The steps for mak­ing a cou­ture piece.


1 Karl Lager­feld sketches each out­fit and ex­plains it to Douchez. “Karl’s sketches are very de­tailed, so I un­der­stand ev­ery­thing at first sight,” she says. “It’s very ex­cit­ing to start a new piece.”

2 A pat­tern is cut, and a toile is made, with Douchez in charge of the first pins in the toile. For sym­me­try, she makes only the right-hand side, so that it can be dou­bled. “It is my job to do the right-hand side of the pat­tern.”

3 The first fit­ting is when specifics about vol­ume are de­cided. “Karl knows ex­actly what he wants. He has this idea in his mind, and I re­ally need to lis­ten to Karl’s words, be­cause it helps build it in my head. Th­ese oral ex­pla­na­tions are very use­ful to me.” It is also when the fab­ric and em­broi­dery de­tails are de­cided. “Karl might say: ‘No, it shouldn’t be pleated: it needs a lit­tle more vol­ume here.’ This is de­cided at the first fit­ting,” says Douchez.
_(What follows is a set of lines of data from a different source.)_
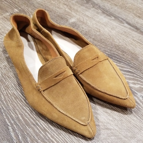 Zara Brown Suede Pointed Toe Penny pointed toe penny loafers
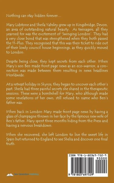 Nothing can stay hidden forever... Mary Lidstone and Sheila Yabsley grew up in Kingsbridge, Devon, an area of outstanding natural beauty. As teenagers, all they yearned for was the excitement of 'Swinging London'. They had a very close bond that was strengthened when they both passed the 11-Plus. They recognised that this was their ticket to ride out of their lowly council house beginnings, as they quickly moved to London. Despite being close, they kept secrets from each other. When Mary's son Ben made front page news as an eco-warrior, a connection was made between them resulting in news headlines Worldwide. At a retreat holiday in Skyros, they began to uncover each other's past. Sheila had three painful secrets she shared in the therapeutic sessions. These were a bombshell for Mary, who although made some revelations of her own, still refused to name who Ben's father was. When back in London Mary made front page news by having a glass of champagne thrown in her face by the famous new wife of Ben's father. Mary spent three months hiding from the Press and having a nervous breakdown. When she recovered, she left London to live the sweet life in Spain but returned to England to see Shelia and discover one final truth.
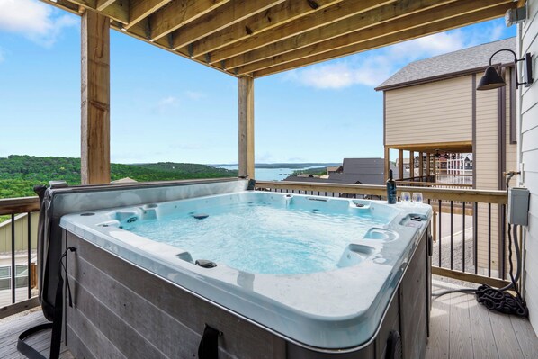 Escape to Modern Lake, a luxurious retreat within Crowne View Resort in Branson. Enjoy magnificent views of Lake Table Rock from the deck with its own fireplace and outdoor TV. Relax by the private hot tub or challenge family and friends to games like air hockey and foosball on the lower level.
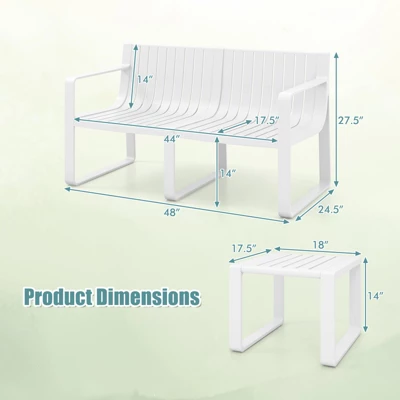 Upgrade your outdoor living space with this 3-piece patio furniture set.This outdoor furniture set includes a cozy loveseat and 2matching side tables, perfect for creating a cozy conversation area. Crafted from all-weather material, this patio bistro set is ideal for outdoor use in your lawn, backyard, poolside, balcony, garden, or deck. The side tables are perfect for holding drinks, snacks or decorations. In addition, the slatted design adds a touch of elegance while also ensuring quick drainage after rain. Transform your outdoor area into a stylish and functional space with this versatile patio furniture set.
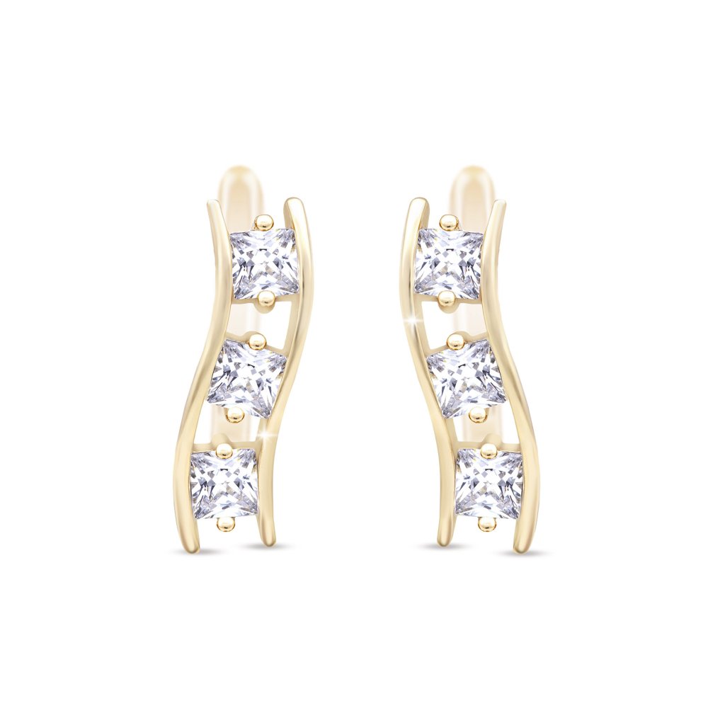 Pozlacené náušnice 14 k, vlnitý tvar ozdobený třemi zirkony 1002278

4 “Af­ter the first fit­ting, the race starts!” says Douchez. “My team have to send the place­ment of the em­broi­dery draw­ings to the em­broi­dery ate­liers – from there, ev­ery­thing starts.”

5 Ahead of the show, Lager­feld styles the out­fits, de­cid­ing which ac­ces­sories go with which look. “He styles through the night af­ter ev­ery­thing has been made. It’s the fin­ish­ing touch!”